Good news, relatively

It could be worse – the prime minister could have outsourced higher education administration directly to the Finance Department (“hey, just because the budget cutters are in charge does not mean we don’t value universities”). And the appointment of Lisa Paul to head the Department of Education at least means one secretary over-sighting K to postdoc, except the bits that involve training and research and science. Ms Paul is a classic public servant, always supportive of the minister’s ideas – I remember her speaking at a lunch for Joel Klein when Julia Gillard was his fan. Whatever Ms Paul really thought about teaching to the test, she was endlessly enthusiastic about what we could learn from Manhattan. That she has run the various hybrids that have covered the commonwealth’s education interests since 2004 also means Ms Paul has the authority and experience to explain to the minister what happened when a predecessor tried his new idea.  Ms Paul “is the best bit of good news we’ve had relatively speaking,” one insider observed yesterday.

The numbers add up

Deans of education will be pleased at the new workforce stats, which they will use to make the case for enrolling many more teacher education students, whatever their ATARs. Employment in education now 897,000 people will expand by 7.2 per cent to 2017.  This is bang on the anticipated national average but even so it translates into a need for 62,000 new teachers.

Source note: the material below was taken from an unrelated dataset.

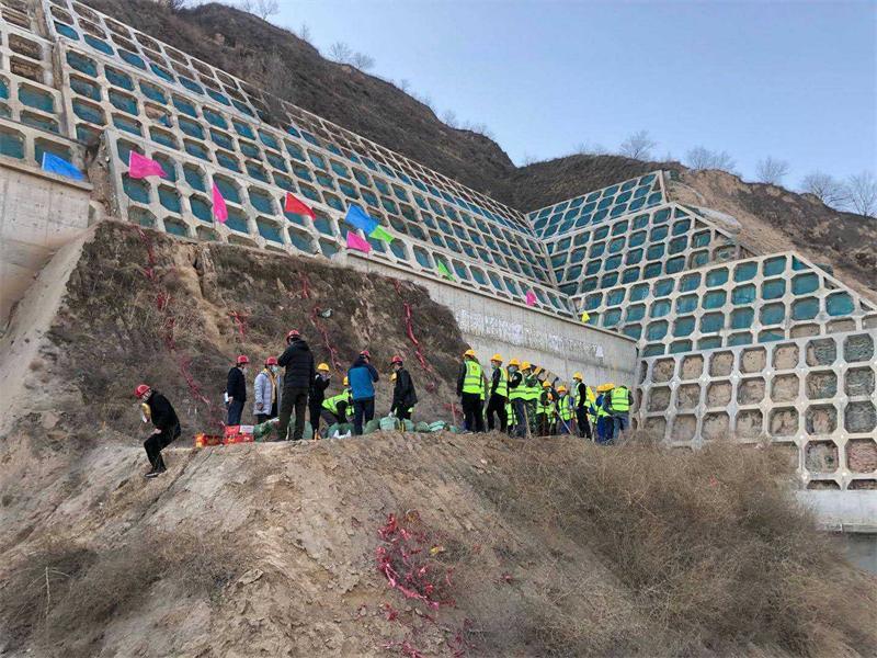 甜永高速JA3標(biāo)綠化施工內(nèi)容包含種植各類綠化景觀苗木85萬(wàn)余株,鋪設(shè)表土257230m3,噴播草種844232㎡。本標(biāo)段地處環(huán)縣,山體隧道較多,所處施工段均為山脈嶺梁、川道溝臺(tái)的黃土覆蓋,表層土質(zhì)較松,這給施工人員通行和綠化施工帶來(lái)了一定難度,但同時(shí)這也為本項(xiàng)目的安全生產(chǎn)提出了更高的要求。

What a surprise! A strike at Sydney

So much for Michael Spence’s August ultimatum to the union bargaining team at the University of Sydney that they either signed a new deal or he would withdraw his offer to backdate a 2.9 per cent (per annum for four years) pay rise. They didn’t so he did. Now the campus branch of the National Tertiary Education Union is trying a circuit breaker of its own – a three-day strike across October 16-18.  The union has letters for staff to distribute to students detailing what it is all about – which is money. “Once the timing of the agreement and the current inflation figures are taken into account, they are currently offering us an effective pay-cut. In other words, at the same time they are asking us to do more, management want to leave us worse off. Just like a business, they want to get more for less.” The union wants 4 per cent by four years.
So what happens now? Until last November, when the University of New South Wales over took it, the University of Sydney set the pace on pay, with senior academics the best paid in the country. With approximately the same number of NTEU members at Sydney, around 25 per cent, as at Macquarie, Southern Cross, Western Sydney and Wollongong, perhaps the union thinks that if it can win a bigger pay rise at Sydney the others will follow. But after a year of arguing I wonder what the rest of the staff think, with no bargaining meetings scheduled and no sign of a settlement in sight.